Insurance and reinsurance are increasingly central to economic prosperity and growth, said Andrew Horton, group chief executive officer, QBE, told Dubai World Insurance Congress (DWIC) 2024.

Horton delivered an international keynote to delegates at DWIC24, arguing that insurance is more critical to successful risk management than ever before.


He said: “The global landscape is incredibly challenging. As we are seeing increasing levels of uncertainty, emerging risks, and very volatile markets, there is a clear and growing need for insurance as a safeguard against unforeseen events.

“With climate change, geopolitical instability, and technological disruptions, individuals and businesses face a myriad of risks that they have never faced before, and that necessitates insurance protection.”

Horton told a record DWIC audience of 1,300 delegates that insurance provides stability and reliability amidst great uncertainty, because it not only offers financial security, but promotes confidence and enables economic growth by mitigating risks.

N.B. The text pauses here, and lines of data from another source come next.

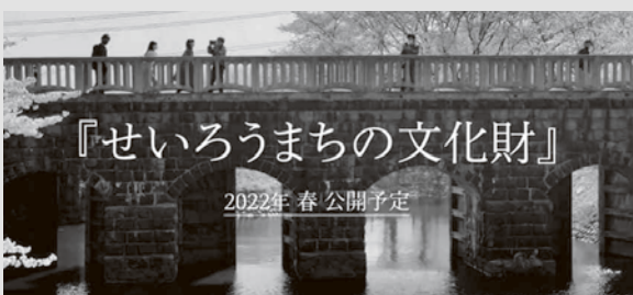
メイキング動画の1コマ(加治川水門)
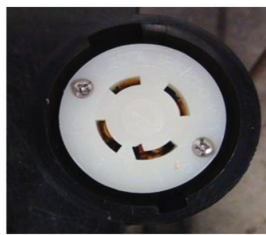
Extension 240V à fournir par le client
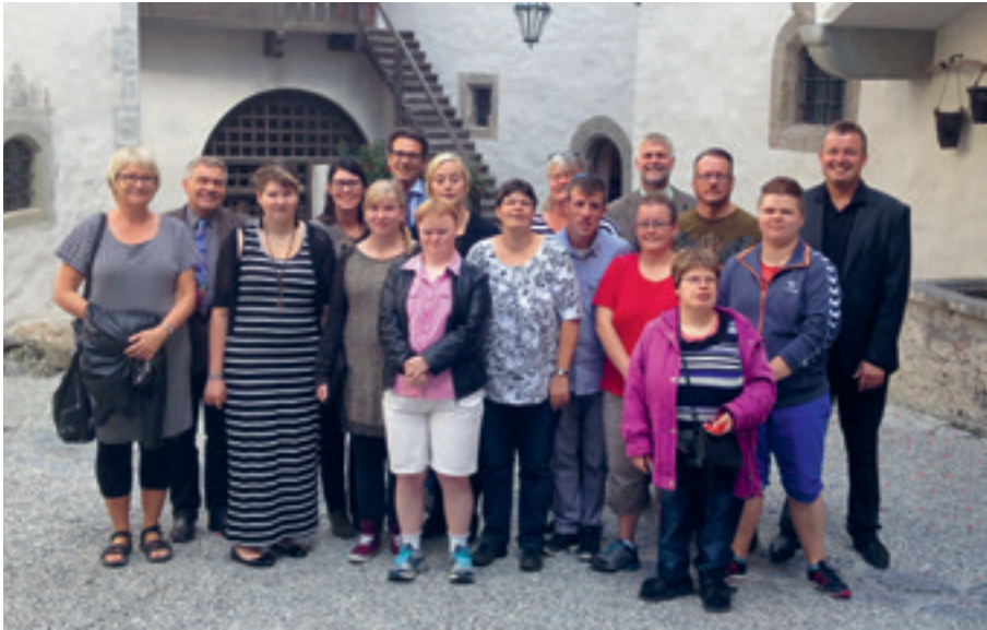
Erfolgreiches Austauschprojekt, Erfahrungen auf beiden Seiten!

Im September waren 15 Personen aus Dänemark im hpz zu Besuch. Dies war der Höhepunkt eines Austauschprojektes. Die Wilhelm Philipp Foundation hat den Zweck, Menschen mit Behinderung auf der Insel Bornholm zu unterstützen. Die Verantwortlichen der Foundation hatten vor einigen Jahren die Idee, dass neben der direkten Unterstützung auch der fachliche Austausch von Betreuerinnen sinnvoll sei und letztlich den Menschen mit Behinderung zu Gute kom-
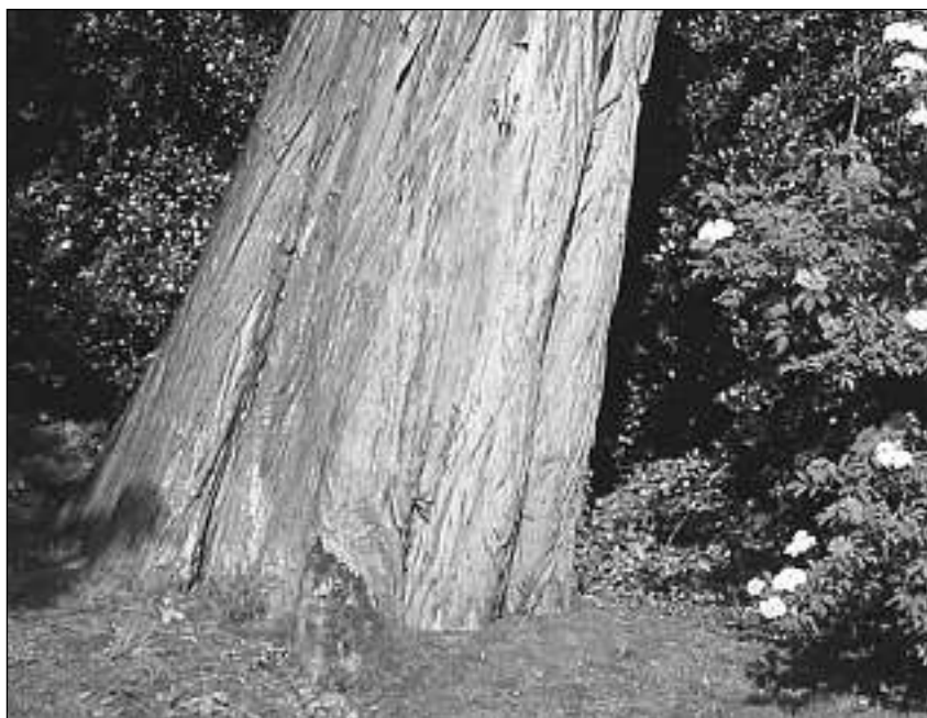
De Moerascypres tegenover het Sonsbeekpaviljoen

boom daar een sprookjesachtige verschijning. Met deze luchtwortels kan de boom ademen en langdurige overstromingen overleven. Het hout is erg duurzaam. De bolle knobbels van de luchtwortels werden door de Indianen gebruikt voor het maken van bijenkorven. Het hout heeft een heerlijke geur. De Moerascypres is familie van de Sequoia, de beroemde reuzenboom uit Californië. Daarvan staan er op Gulden Bodem een paar, recht tegenover kasteel Zypendaal.
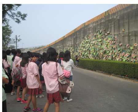
一、二、三年級戶外教學 有益視力保健
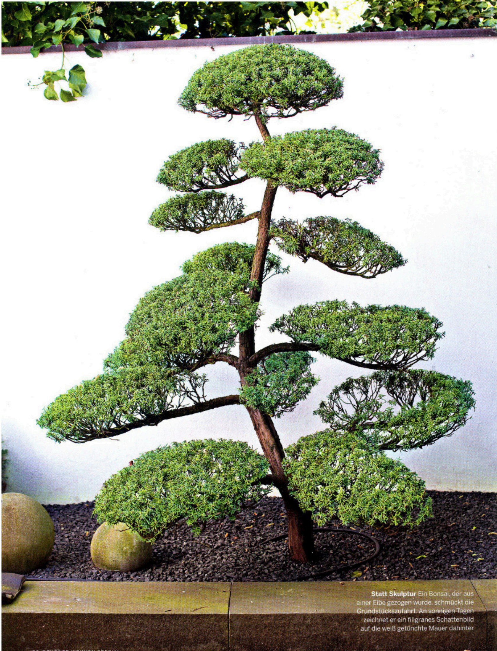
Statt Skulptur Ein Bonsai, der aus einer Eibe gezogen wurde, schmückt die Grundstückszufahrt. An sonnigen Tagen zeichnet er ein filigranes Schattenbild auf die weiß getünchte Mauer dahinter
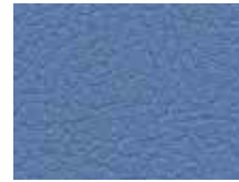
006.025 Wasserblau Lagoon blue
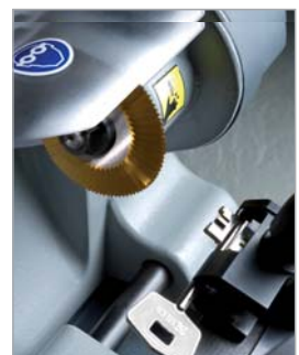
фреза из быстрорежущей стали (HSS) с покрытием TiN
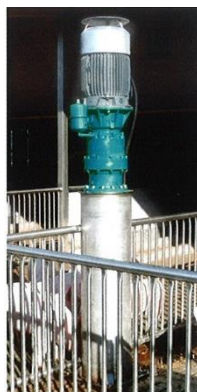
Colonne en acier inoxydable, combinée avec clôture de sécurité
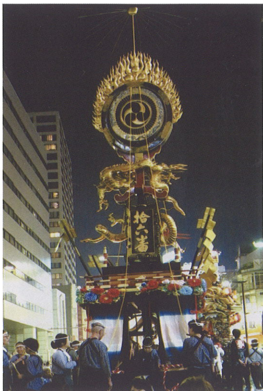
宮まつりに参加した時の火焰太鼓

左の写真は数年前、「宮まつり」で公開された新石町の火焰太鼓山車です。大通りの真中で両端のビルを威圧するかのような立派な山車です。
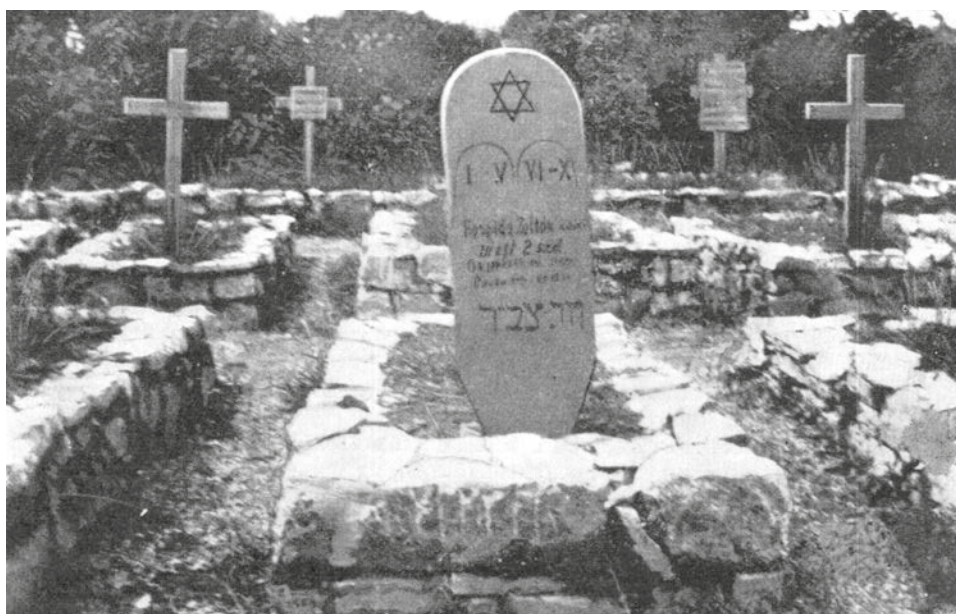
Doberdói katonai temető
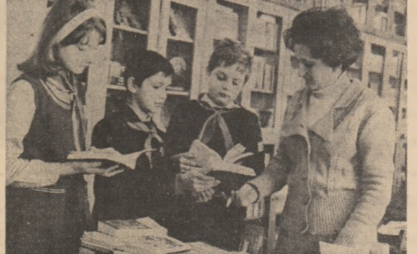
Aflați într-una din recreații, elevii Liceului „Al. I. Cuza” din Focșani vin la bibliotecă.

DUȘUL REȚE DE LA TROPICE După cucerirea ședere de câteva zile la maternitățile tinăra mamă, cu adrasa ei, pleacă măr de departe. „Milionarul” le tu duce cu autobuzul, cale de câteva zile, în localitatea sa de baștină, Piraicocoba. Peisajul fermecător, cu vegetație luxuriantă, cu sălbătăchici și coruri de pasări, cu râuri limpezi și vijeltoase pe care le treceau ar fi trebuit să-i incinte privirea și sufletul, dar fata din orașul transilvănean, răătăcită dintr-o eroare pe alte meridiane, n-avea ochi pentru frumusețea naturii. Oricât de tulburătoare ar fi fost pentru ea, erau străine, nici pasările în culorii vii nu cîntau pentru ea, nici cocotierii cu nucile cit dovleci nostri nu rodeau pentru ea, ba nici măcar Zilmo Telles de Freitas, sau cum l-a chemat în realitate, nu mai însemna mai nimic pentru Sanda. — Cum se purta el, în acest timp, cu dumneavoastră ? — Din ce în ce mai rece, mai rezervat, ceea ce mă făcea să
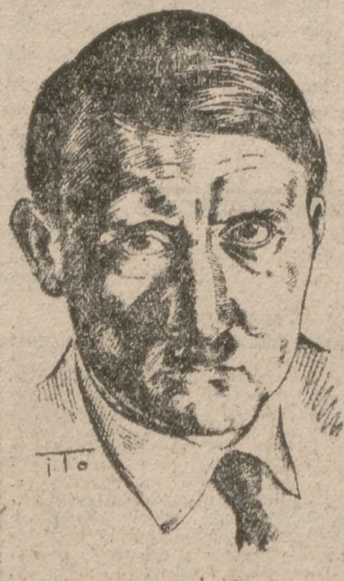
(Pasa a la última página).

adversarios. Estos, en su ciega enemiga, no se daban cuenta de que la miseria de Alemania no significaba la prosperidad propia; y así los Estados cuya dirección había sido presa del azote judío-capitalista poco tardaron en alcanzar, y hasta en sobrepasar, el número de parados que tenía Alemania, a pesar de sus enormes riquezas tanto de productos como de oro. Como consecuencia de los ánimos así preparados, asistimos hoy al trágico espectáculo de que las actuaciones de los pueblos engañados y derrotados no se dirijan contra los autores y los culpables de la guerra, como tales, sino como responsables de la insuficiente preparación de la misma. Esta extraña o incomprensible mentalidad explica has-
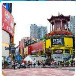
ถนนหวงซิงลู่
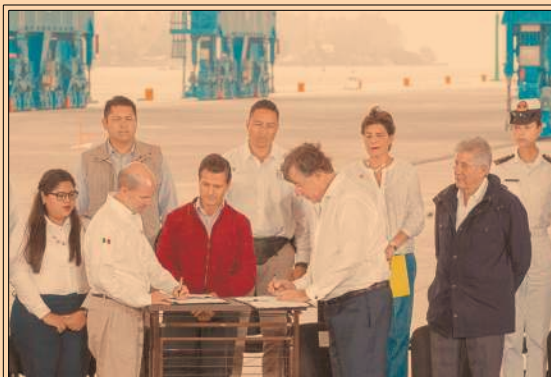
Peña Nieto inauguró la ampliación del puerto de Tuxpan, que cuadruplicará su capacidad. P39

LA CNH ANUNCIA QUE EN LO QUE RESTA DEL SEXENIO HARÁ TRES NUEVAS RONDAS DE LICITACIÓN DE CAMPOS PETROLEROS P27

He said: “Insurance is not merely a transaction, I am a great believer that it is a force for good, offering peace of mind and protection in times of meaning.”

However, he also argued that in a world of increasing volatility, insurers must be more consistent if they are to help businesses  manage their interconnected risks. 

He explained: “While the world around us is increasingly uncertain, I’ve long held the belief that in response, insurance needs to be consistent… It is something I find very frustrating with the insurance world that we’re not as consistent as we should be.”

Horton says that this means thinking carefully about approach, pricing, appetite, and claims adding that buying an insurance product should be a consistent process.

He said: “What we’re trying to do is get consistency across our appetite on in certain lines of business, working with our clients through the cycle and remaining consistent in our lines of business and geographies.

“Pricing is always challenging… Prices go up and down and are very volatile within the insurance industry… We also need to be consistent in how we treat claims… something that can be challenging, especially when there are major events.”

The final area he argued insurers must prioritise is internal culture. That means treating employees consistently, creating a culture where it’s safe to speak up, and being open and transparent from an engagement perspective and for strong governance.

Horton concluded: “Consistently investing in talent and capabilities is a non-negotiable and not only helps us attract talent, but also retain it in a rapidly changing environment.

“We need to invest in training and development programs to equip our teams with the skills needed to navigate complex risks and emerging trends.

“Get the foundational elements of a positive culture right for all people and will ultimately have happy clients, brokers, and other stakeholders. And this should mean a consistent financial return, ultimately, to our shareholders.”